Let's take a look at the data frame for durham and ithaca.

In [5]:
durham_neighborhoods

Unnamed: 0,Neighborhood,Latitude,Longitude
0,Duke East Campus,36.005433,-78.915657
1,Knollwood,35.954212,-78.960946
2,Milan Woods,36.009101,-78.854065
3,Valley Run,35.961186,-78.950374
4,Old Five Points,36.002196,-78.894549
...,...,...,...
113,Merrick Moore,36.004874,-78.854176
114,West End,35.994598,-78.923427
115,Burch Avenue,35.998685,-78.918051
116,Stephen's Woods,36.086406,-78.898318


In [6]:
ithaca_neighborhoods

Unnamed: 0,Neighborhood,Latitude,Longitude
0,Cayuga Heights,42.467976,-76.487485
1,East Ithaca,42.426217,-76.462672
2,Forest Home,42.452821,-76.470074
3,South Hill,42.411264,-76.488267
4,Northwest Ithaca,42.470589,-76.541453
5,Northeast Ithaca,42.47032,-76.462285


From the data, we can notice that Durham covers a much larger than Ithaca.

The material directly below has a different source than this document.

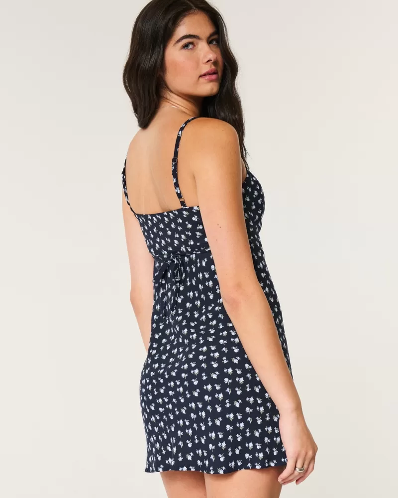 Made with soft crepe fabric, this cute layerable slip dress features skinny straps, a ruched bust and back tie details. Imported.

It can also be obviously seen from their distributions on map.

In [7]:
address = 'Durham, NC'

geolocator = Nominatim(user_agent="ny_explorer")
#location = geolocator.geocode(address)
#durham_latitude = location.latitude
#durham_longitude = location.longitude
durham_latitude = 35.994034
durham_longitude = -78.898621
print('The geograpical coordinate of Durham are {}, {}.'.format(durham_latitude, durham_longitude))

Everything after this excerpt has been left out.